Title: Pediatric Palliative Care: Unraveling Common Myths, Misconceptions and Misunderstandings
Speaker
Biography:

Dr. Sarpal completed her MD and general pediatrics residency from University of Calgary in 2004 and 2008 respectively.  In 2010 and 2011, she completed fellowships in pediatric critical care medicine and pediatric palliative care medicine. She is also an Erickson Certified Executive Coach, and a member of the International Coaching Federation. She is currently the program director for the pediatric critical care medicine postgraduate medicine fellowship training program at Sidra Medicine and an assistant professor at Weill Cornell Medicine-Qatar, Qatar.  Her research/academic interests include medical education, end of life care in the intensive care unit, physician health and wellness and coaching in (and outside) medicine.

Abstract:

Palliative care is a specialized form of medical care intended for individuals with serious and potentially life threatening or life limiting illnesses/conditions and should be made available to patients based on their needs regardless of their expected prognosis.  As exposure to palliative care in medical school and throughout postgraduate training remains fairly limited in most settings, palliative care remains to a degree shrouded in mystery for many. While there are commonalities to adult palliative care, there are also stark differences that exist in comparison to pediatric palliative care.

Pediatric palliative care is a very young subspecialty whose focus is to provide relief from “total” pain and burdensome symptoms. The multidisciplinary team’s goal is to improve the quality of life of both the child and their family through a holistic model of care. Care is aimed at anticipating, preventing and treating physical, emotional, psychological, social or spiritual suffering.  Children and their families are supported to live as well as they can, for as long as they can, within the limits imposed by the illness/condition. 

Due to lack of exposure, and the differences that exist between adult and pediatric palliative care services, it is not surprising that many misconceptions and misunderstandings exist regarding pediatric palliative care.  This includes understanding eligibility criteria, role of the subspecialty team and how to manage symptoms at end of life including the ethical dilemmas that exist at end of life for pediatric palliative care providers.

This session will unravel the most common myths, misconceptions and misunderstandings that exist regarding pediatric palliative care.  This includes understanding: 1) eligibility criteria 2) the aims of care 3) the differences between palliative and hospice care 4) how symptoms including pain are treated at end of life and 5) the role of narcotics including morphine and other mediations at end of life.

 

  • Pediatric Hematology

Session Introduction

Narjiss Aji

Mohamed V University, Morocco

Title: Epistaxis revealing Willebrand disease Type 3(Around a case)
Speaker
Biography:

An ambitious final year medical student in Faculty of medicine and pharmacy of Rabat ,very passionate about research.
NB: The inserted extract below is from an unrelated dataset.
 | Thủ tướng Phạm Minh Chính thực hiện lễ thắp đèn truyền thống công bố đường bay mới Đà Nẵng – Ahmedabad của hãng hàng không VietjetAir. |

Currently applying for a thesis master in Canada to improve my research skills before joigning a residency program ,in order to become a research physician.

Abstract:

Willebrand's disease (VWD) is a genetic bleeding disorder; a defect in the amount or structure of von Willebrand factor (VWF). VWF: An element of primary hemostasis, its two main roles are the adhesion of platelets to injured vessels, and the transport of factor VIII (FVIII). There are 3 types of variable severities: Type 1 (least severe): Partial quantitative deficit; VWF is made in less quantity, which can lead to factor VIII (FVIII) deficiency. Type 2 (more severe): the VWF is manufactured but does not fulfill its function. Type 3 (the most severe and the rarest): the deficiency in VWF is total and is associated with a constant and profound deficiency in FVII.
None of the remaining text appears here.